Contratto freelance: cosa includere e come tutelarsi

A cura della Redazione · Aggiornato il 9 agosto 2026 · 12 min di lettura

Lavorare come freelance senza un contratto scritto è come costruire su sabbia: finché il rapporto va bene non te ne accorgi, ma al primo problema rischi di perdere tempo, denaro e rapporti professionali. Eppure la maggior parte dei freelance italiani inizia accettando lavori via email o addirittura a voce, convinti che "tanto ci fidiamo". Non funziona così.

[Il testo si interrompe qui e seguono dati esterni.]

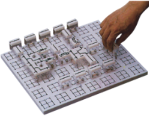 實(shí)訓(xùn)桌一桌兩座,實(shí)訓(xùn)桌中央配有通用九孔萬(wàn)能插件板(尺寸:35cm×90cm ),九孔萬(wàn)能插件板主體由ABS注塑而成,表面布有九孔成一組相互聯(lián)通的插孔,九孔萬(wàn)能插件板內(nèi)部?jī)?nèi)嵌126組銅質(zhì)九孔一體成型嵌件(共有1134孔)。實(shí)訓(xùn)中的弱電模塊必須以獨(dú)立封裝的透明元件盒為單一模塊,元件盒統(tǒng)一都能配合九孔萬(wàn)能插件板像搭積木一樣的形式自由搭建組合電路;元件盒盒體透明,內(nèi)裝元件直觀性好,盒蓋印刷電路圖防刮耐磨,符號(hào)美觀清晰。元件盒盒體與盒蓋采用較科學(xué)的壓卡式結(jié)構(gòu),維修拆裝方便。每張臺(tái)桌配有一粒膠皮板,保護(hù)通用底板與桌面(如需在桌上放置電動(dòng)機(jī)、焊接等)。
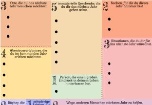 Diese Anregung mit drei Seiten ermöglicht das Entwickeln eigener Vorsätze für das neue Jahr. Dabei werden Vorschläge gemacht. Orte die man besuchen will, sachen die man tun möchte, Personen die großen Eindruck hinterlassen haben, Wege anderen Menschen zu helfen und viele und viele Punkte mehr können dabei ausgefüllt werden. Über ein ähnliches Muster wird die Reflexion des letzten Jahres ermöglicht. Die tiefe der Reflexion kann entsperchend dem Alter der Lerngruppe angepasst werden.
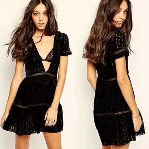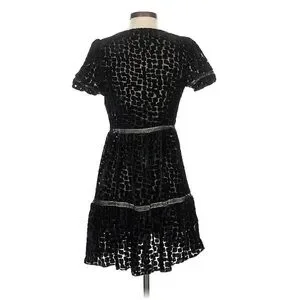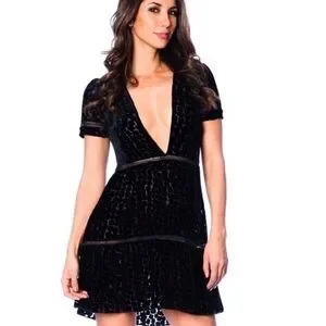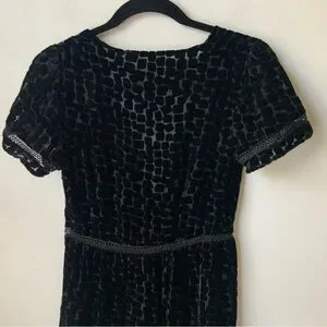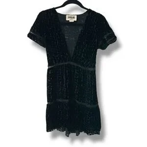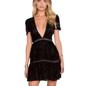 STONE COLD FOX Virgo Burnout Silk Velvet Dress Textured Plunge Black Size XS/S

Un contratto ben fatto protegge entrambe le parti, chiarisce le aspettative fin dall'inizio e, quando qualcosa va storto, ti dà gli strumenti per risolvere la situazione senza finire in un contenzioso infinito. In questa guida vediamo cosa deve contenere un contratto freelance, come strutturarlo senza un avvocato, quando invece l'avvocato è necessario, e cosa fare quando un cliente non paga.

Se sei ancora nella fase di valutare come strutturare la tua attività, leggi prima la nostra guida su come diventare freelance e quella su come aprire la partita IVA.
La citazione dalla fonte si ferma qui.